Kinaxis this week released IDC research showing supply chain leaders expect AI to take over planning decisions within two years, while most lack the governance to support the shift. The InfoBrief, "Making Supply Chain AI Accountable," surveyed more than 2,000 supply chain leaders across nine global markets.
AI adoption is close to universal among the respondents. Just 2% reported no AI-enabled capabilities, and only 12% described themselves as AI leaders. The harder number sits further down the maturity curve: just 6% of organizations say their supply chains operate autonomously at scale today, where AI makes planning decisions across the operation. Forty-one percent expect autonomous operations to become their core operating model within one to two years. If that expectation holds, the share of respondents running autonomous supply chains would rise to 41% from 6%, a near-sevenfold jump. Wrong calls in that setting cascade quickly; planning errors feed straight into procurement and production.
That ambition rests on a thin governance base. Only 12% of organizations have AI planning governance fully embedded in their operations, and 52% cite trust in AI-driven decisions as the top barrier to faster adoption. Trust is the most common constraint named in the survey. The leadership and governance figures land at the same 12%, though they come from separate questions.
Eric Thompson, research director for global supply chain planning at IDC, said the question now is accountability.
"The next phase of supply chain AI is not simply more adoption. It is accountability – ensuring AI delivers trusted decisions, measurable value, governed autonomy, and operational outcomes."
The 52% trust reading places the constraint on the demand side. The technology is installed at nearly every respondent; confidence in what it decides is another matter. IDC conducted the research independently; Kinaxis sponsored it.
Kinaxis (TSX:KXS), which sells supply chain planning and orchestration software, says the findings point to a clear need for explainable, auditable AI. Justin King, field chief technology officer, said the Maestro platform was built around the accountability question. Every AI-driven recommendation is "explainable and auditable before it acts," King said, so "accountability happens at the decision, not just the policy." Kinaxis describes Maestro as combining proprietary technologies for full visibility across the supply chain, covering multi-year strategic planning and last-mile delivery. In practice, recommendations carry a rationale that can be inspected, and the audit trail is set before the system acts.
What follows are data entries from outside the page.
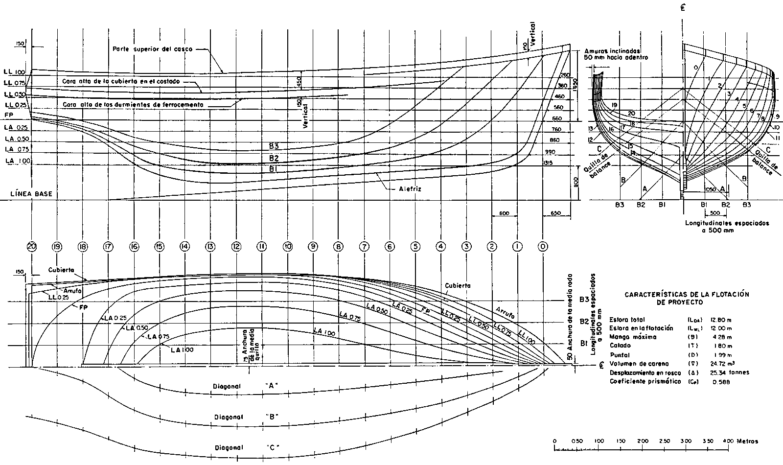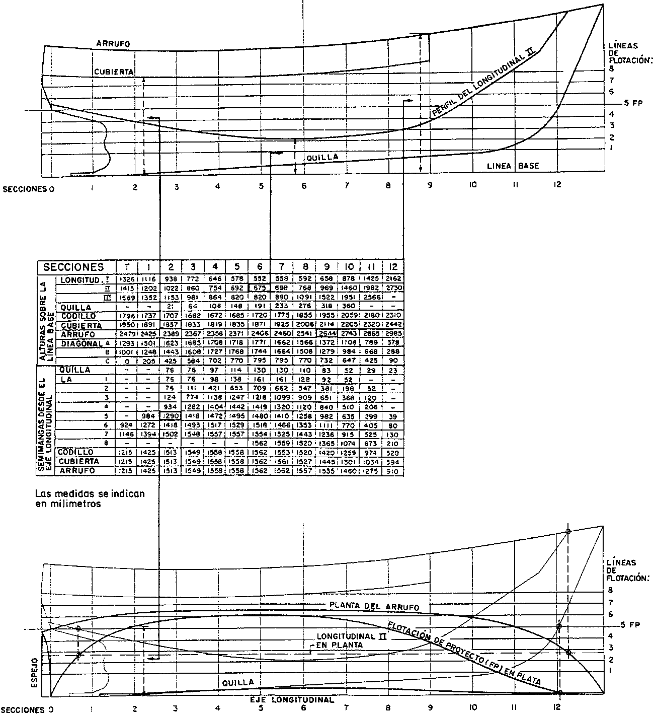 Una vez trazadas todas las formas de los perfiles y semimangas, se anotan las mediciones revisadas en una nueva cartilla de trazado No. 2. Ahora puede ya procederse a trazar el plano del cuerpo. Se colocan los tableros correspondientes y se traza un cuadriculado en el plano de formas del proyectista con todas las líneas de flotación, longitudinales, diagonales y eje longitudinal de la embarcación marcadas de la manera indicada.
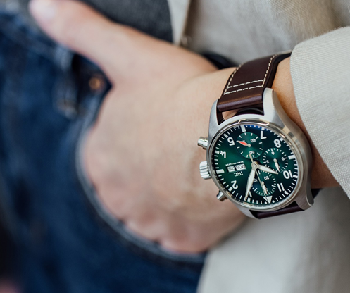 41毫米飛計在外觀上基本延續了前作的經典外觀,錶殼厚度也從15.4毫米縮減至14.5毫米。本次IW388103為我們帶來了全新綠色。綠色作為近年腕錶領域的熱門配色,飛計自然也不甘示弱。腕錶以精鋼打造寬大的錶殼,圓形錶盤上顯示時間、日期、星期以及計時功能,覆蓋藍寶石玻璃表鏡。錶殼內打在一枚性能卓越的自動機械機芯。腕錶使用深棕色小牛皮錶帶。錶款設計精密,典雅卓越。搭載Cal.69385機芯,這枚自產機芯可實現雙向上弦,相較於舊款大大提高了機芯的上弦效率。為此也一改實心底蓋設計,首次將背透玻璃底蓋引入飛行員系列。
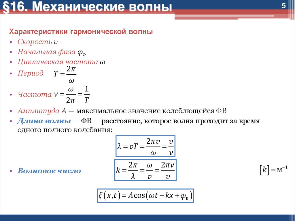 • Длина волны — ФВ — расстояние, которое волна проходит за время
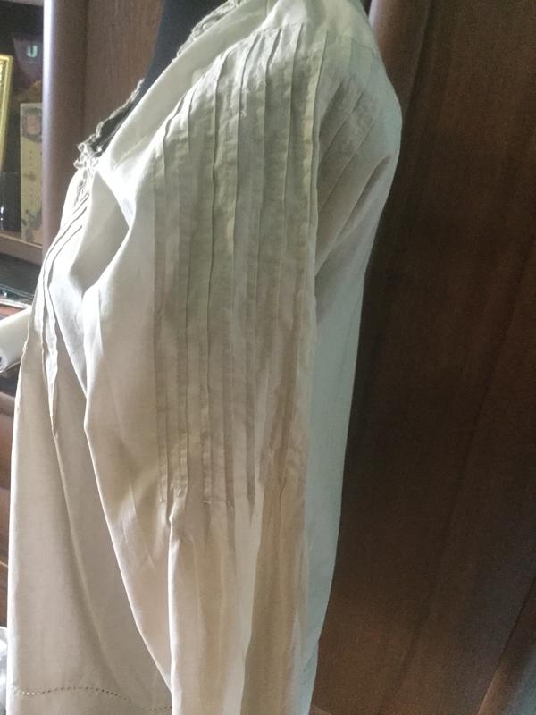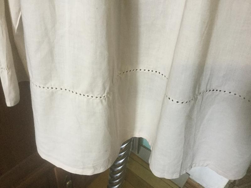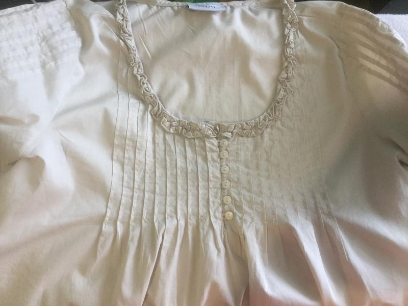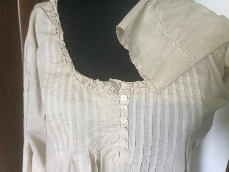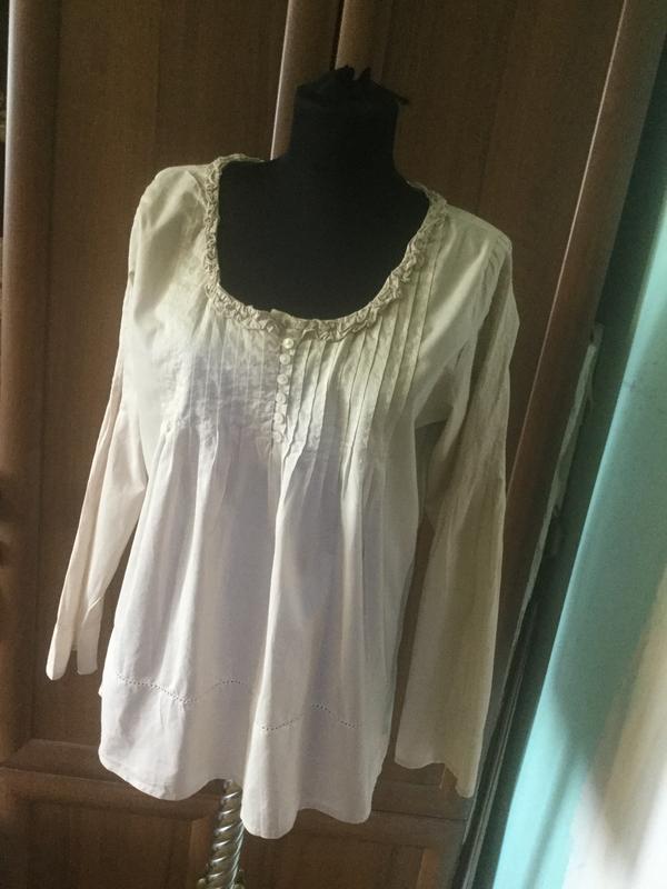 Невесомая вещь, красивая отделка, тончайший батист, единственный изъян-утеряна пуговичка верхняя, фасон разлетайкой,так что может подойти и для беременных, ПОГ 52, рукав доина 62, объем по низу 122.

The accountability question is not confined to supply chains. Who carries responsibility when an autonomous system makes a costly error remains unresolved. Financial services are working through the same issue; there, AI agents act without direct human oversight. AlphaScala's AI rogue agents analysis examines who bears liability when those systems cause a breach.
Kinaxis posted the full InfoBrief on its website. The webinar with Thompson and King follows; registration stays open until the session starts, and those who cannot join live receive the recording afterward.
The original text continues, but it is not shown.